[Supplied entries]

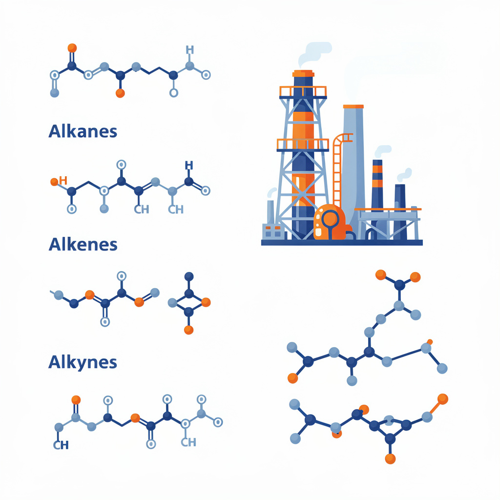 Os hidrocarbonetos são classificados de acordo com o tipo de ligação entre os carbonos e a estrutura da cadeia. Os alcanos (parafinas) possuem apenas ligações simples e seguem a fórmula geral CₙH₂ₙ₊₂. Os alcenos (olefinas) apresentam uma dupla ligação (CₙH₂ₙ), enquanto os alcinos possuem uma tripla ligação (CₙH₂ₙ₋₂).
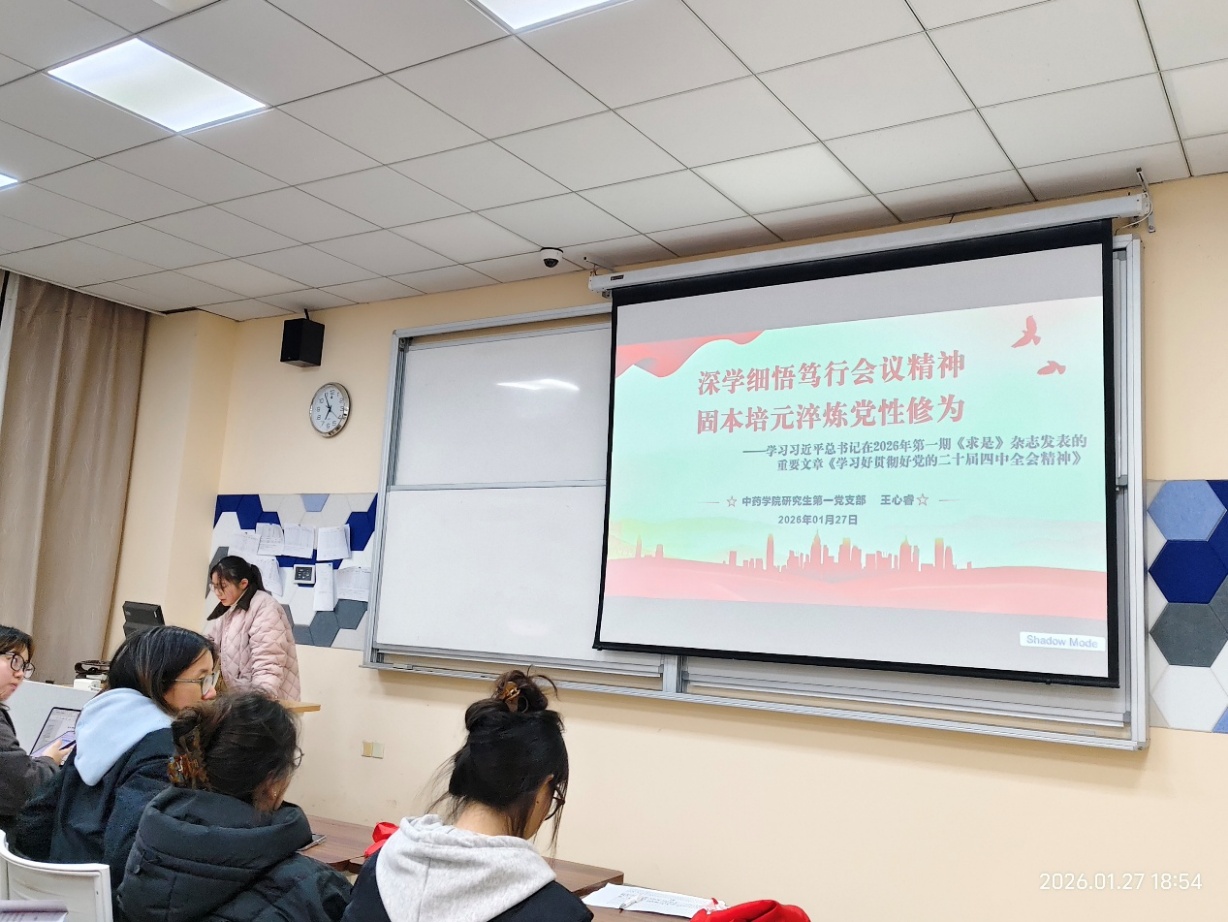 随后,各研究生党支部书记依次进行述职汇报。研究生第一党支部书记马美琳以《衔接研序强党建,服务攻坚促成长》为主题,汇报了支部在党建融入科研培养全过程中的实践经验;研究生第二党支部书记普青以《传承杏林担使命,奋楫笃行谱新篇》为题,重点介绍了支部在理论学习与中医药文化传承中的特色做法;研究生第三党支部书记李乔睿围绕《党建引领科研路,岐黄薪火建新功》,总结了支部以党建促科研、以科研强担当的探索路径。
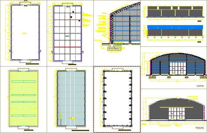 Shed Plans of 800 m2 plants with architectural sections and constructive details
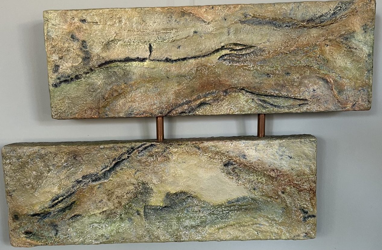 Materie schilderij/ mixed media/ acryl/mdf paneel met koperen verbinding
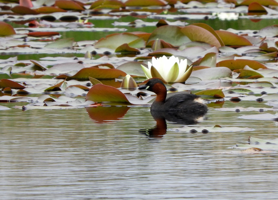 De dodaars is onze kleinste futensoort. Deze schuwe watervogel is zelfs nog een slag kleiner dan de meer bekende waterhoen. De dodaars is een broedvogel van ondiepe en beschutte wateren met een rijke oeverbegroeiing en onderwatervegetatie, zoals moerasgebieden, vennen en meren. Bron: deze site. Op onderstaande overzichtsfoto is te zien dat de dodaars een slim plekje had gevonden tussen de waterlelies, hij is zo bijna niet te zien.
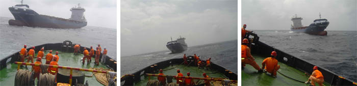 “南海救195”迅速从桂山锚地出发,冒着东北风8级,大浪的恶劣海况赶往现场救助,27日0900时发现遇险船并立即展开接拖施救工作,于28日凌晨将其安全拖抵香港南丫锚地,10名船员同船获救。
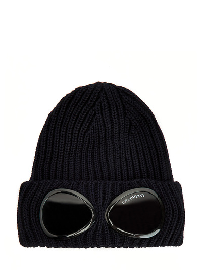 Стильная мужская шапка в оттенке ночного неба от C.P. Company. Модель из мягкой пряжи на основе ценных волокон шерсти надежно защищает от холодного воздуха. Аксессуар в технике эластичной вязки трансформируется благодаря широкому отвороту с защитными очками-линзами Goggles.
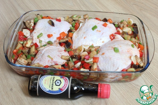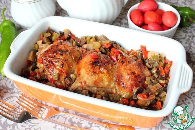 | Куриные бедра, запеченные в духовке с баклажанами и перцем, простое и вкусное блюдо. Прекрасный вариант для домашнего ужина. |
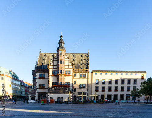 © oxie99, Naklejka premium Town Hall and Market Square with fountain in Schweinfurt. Bavaria. Germany
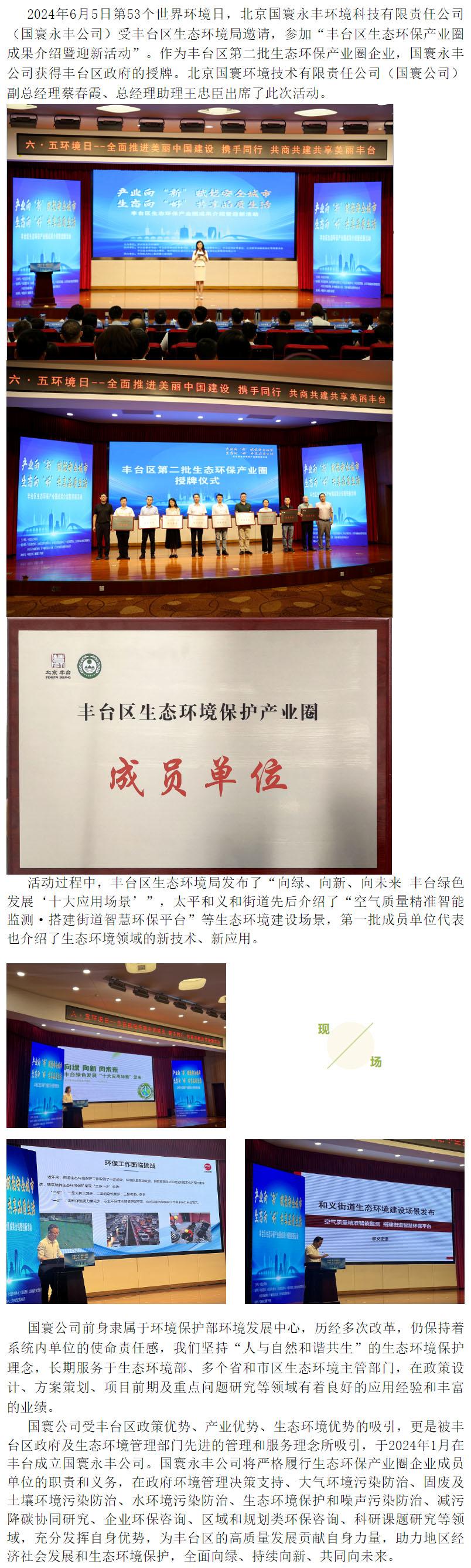 北京國寰永豐環(huán)境科技有限責任公司受邀參加“豐臺區(qū)生態(tài)環(huán)保產(chǎn)業(yè)圈成果介紹暨迎新活動”并獲得授牌
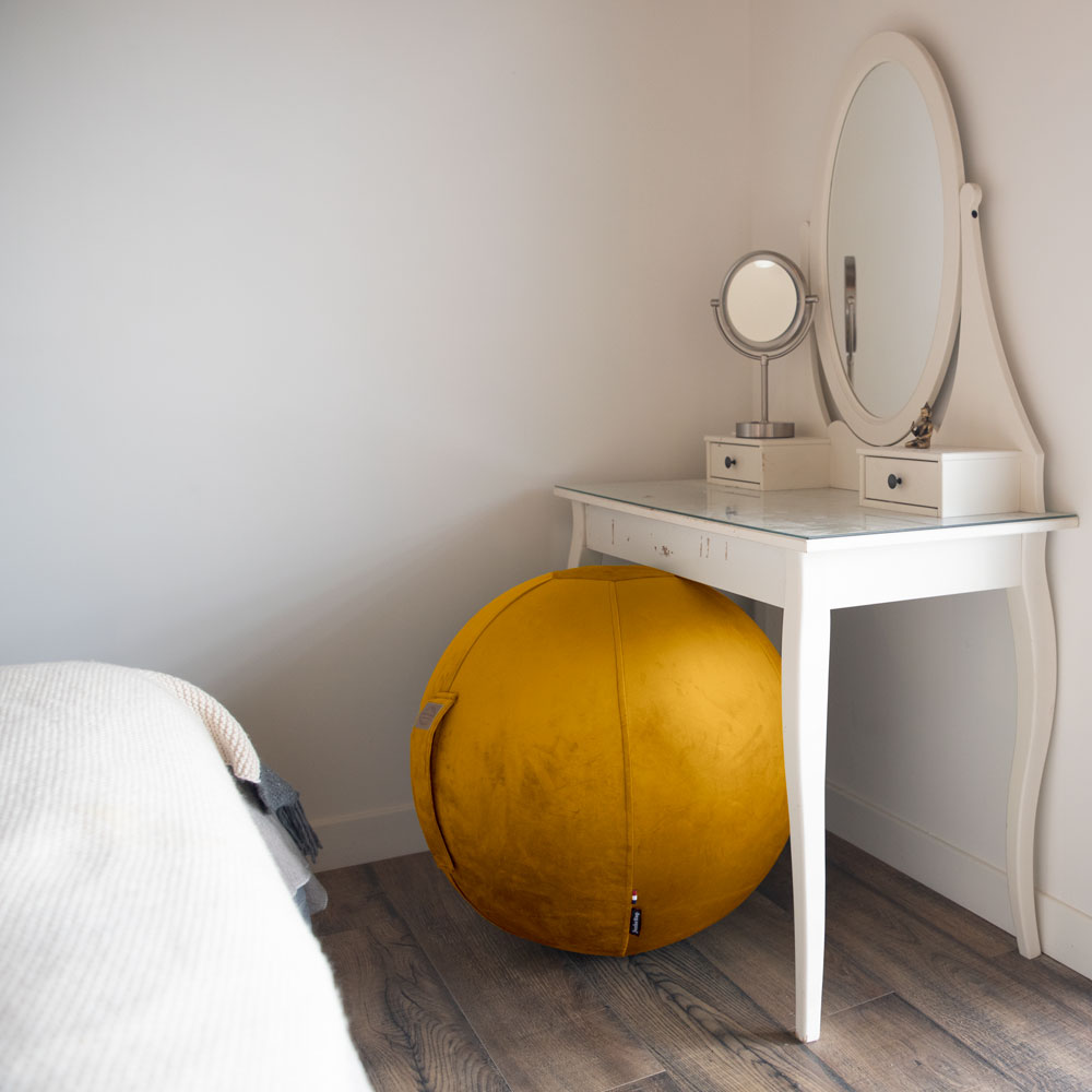 14500v-67 - balle de gym gonflable - curry - Vous connaissez déjà les vertus de la balle de gym lors de vos exercices de fitness, mais savez vous qu'elle peut également vous servir comme siège de bureau ?
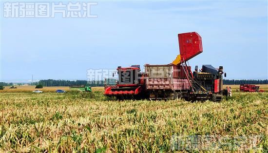 2023年9月11日,在察布查尔锡伯自治县爱新色里镇纳旦芒坎村制种玉米基地,收割机和运粮车在田野里来往穿梭,收获新粮。

[/Supplied entries]

Write down exactly what the lines above say, from the line holding "Стильная мужская шапка" through the line holding "домашнего ужина. |", and nothing more. Do not copy the pictures.

 Стильная мужская шапка в оттенке ночного неба от C.P. Company. Модель из мягкой пряжи на основе ценных волокон шерсти надежно защищает от холодного воздуха. Аксессуар в технике эластичной вязки трансформируется благодаря широкому отвороту с защитными очками-линзами Goggles.
 | Куриные бедра, запеченные в духовке с баклажанами и перцем, простое и вкусное блюдо. Прекрасный вариант для домашнего ужина. |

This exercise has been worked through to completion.